Closures of soaplands (erotic bathhouses) in the cities of Sendai, Miyagi Prefecture and Onahama, Fukushima Prefecture are hitting female staff members hard, notes a writer who covers the fuzoku biz. “There are more than a few hundred girls working in just these two cities,” the source says. “They are temporarily unemployed. But numerous helping hands are now being extended.”
One of the first to offer assistance has been Eikokuya, which proudly flies a British flag as its symbol. It is a well-known soapland catering to the Katayamazu Onsen area in Kaga, Ishikawa Prefecture.

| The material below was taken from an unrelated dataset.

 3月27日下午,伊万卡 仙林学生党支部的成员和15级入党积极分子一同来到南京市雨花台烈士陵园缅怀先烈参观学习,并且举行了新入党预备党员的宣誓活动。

“Two of our girls are from the Tohoku region,” says the manager of the soap. “While their families are safe, we were asked if we could help them. We have dormitories for staff members who are single. And should we happen to be over capacity on staff, we can always make transfers to other locations.”

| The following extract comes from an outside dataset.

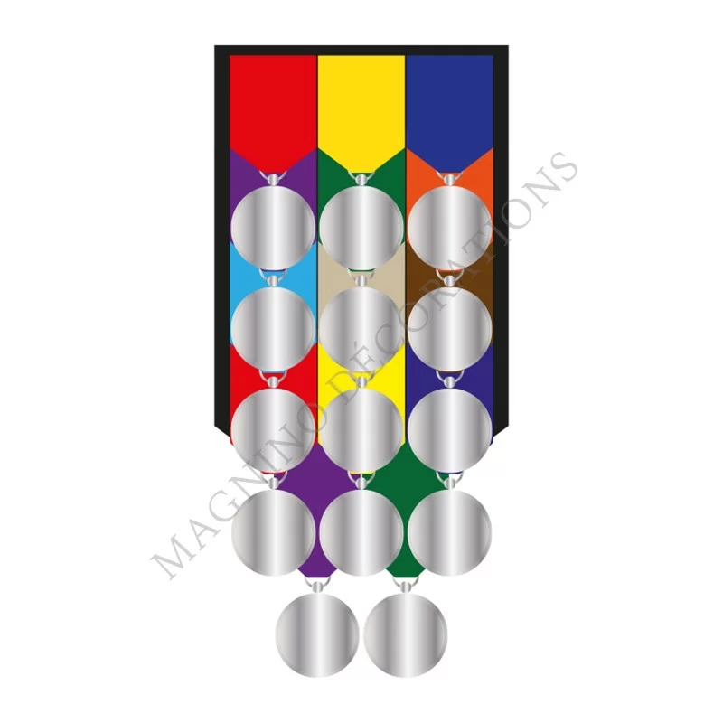 MONTAGE TRADITIONNEL 14 PENDANTES SUR DRAP NOIR AVEC FIXATIONS PIN'S PAR DEFAUT, CROCHET OU VELCRO SUR DEMANDE.

The Kanazuen area of Gifu Prefecture also has establishments that are offering assistance. The president of soapland MGM Collection wants to take a proactive approach in the future. “Once the situation has settled, I want to go up there (to Tohoku) and provide my utmost support as a member of the same industry,” says the president.

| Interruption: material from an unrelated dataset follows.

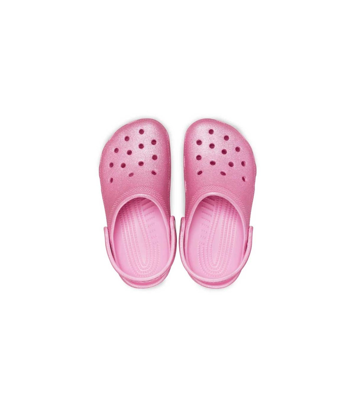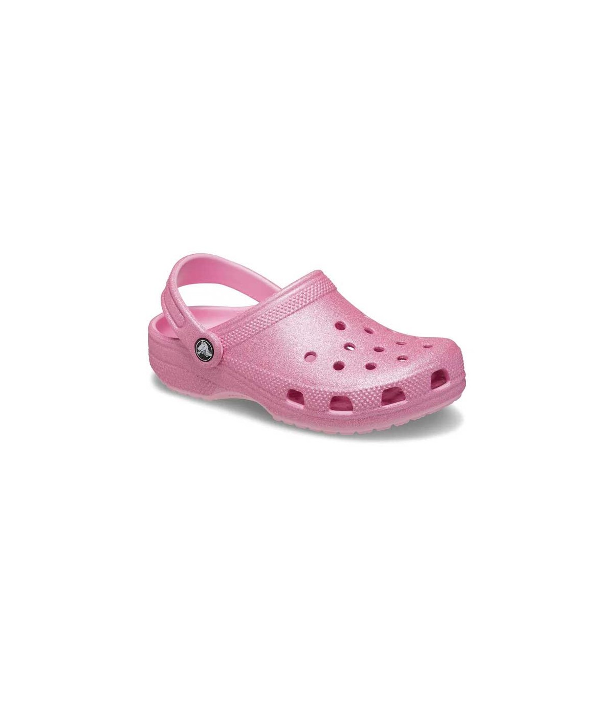Zueco Crocs para niñas Modelo Classic Clog en color rosa con purpurina. Calzado ligero y cómodo.
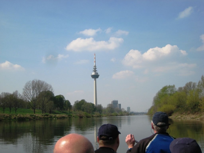 Nach der Mittagspause ging es gemütlicher weiter, so wie der Neckar, der auf der Hausstrecke der dort ansässigen Rudervereine sich recht zahm verhält. Nach passieren des Fernmeldeturmes, der Neckaruferbebauung und unseren Mannheimer Neckarbrücken, stiegen wir bei Stromkilometer 1 an Land um das legendäre Kuchenbuffet der Mannheimer Kanugesellschaft zu testen. Bei herrlichem Sonnenschein und angenehmen Temperaturen ließ es sich hier wunderbar bei Kaffee und Kuchen sitzen. Die Kuchen und Torten waren wieder einmal einsame Spitze und bald mussten zusätzliche Tische und Bänke aufgestellt werden.

The magazine notes that after the Great Hanshin Earthquake of 1995, girls from the Fukuhara red-light district of Kobe also relocated to Kanazuen. “These external activities actually revitalized the region,” says the previously quoted fuzoku writer. “Gifu Prefecture has three-room apartments renting for a very reasonable 40,000-yen a month, which is very attractive to families.”
The scribe goes on to say that some clubs are asking patrons to donate part of the service fees to the Tohoku cause.
In the Kita Ward of Osaka, the SM club Carma, whose basic, non-member three-hour course starts at 65,000 yen, is another example. The fuzoku writer says, “Customers are getting an immediate five percent discount and being asked to offer that portion as a donation.”
The 42 clubs within the Ogoto adult entertainment cooperative union, which is known for its high-quality soaplands, in Shiga Prefecture are collectively pledging funds.
In the end, it’s the ties that bind the industry — and perhaps literally some SM customers — that will ensure its survival, concludes the tabloid. (K.N.)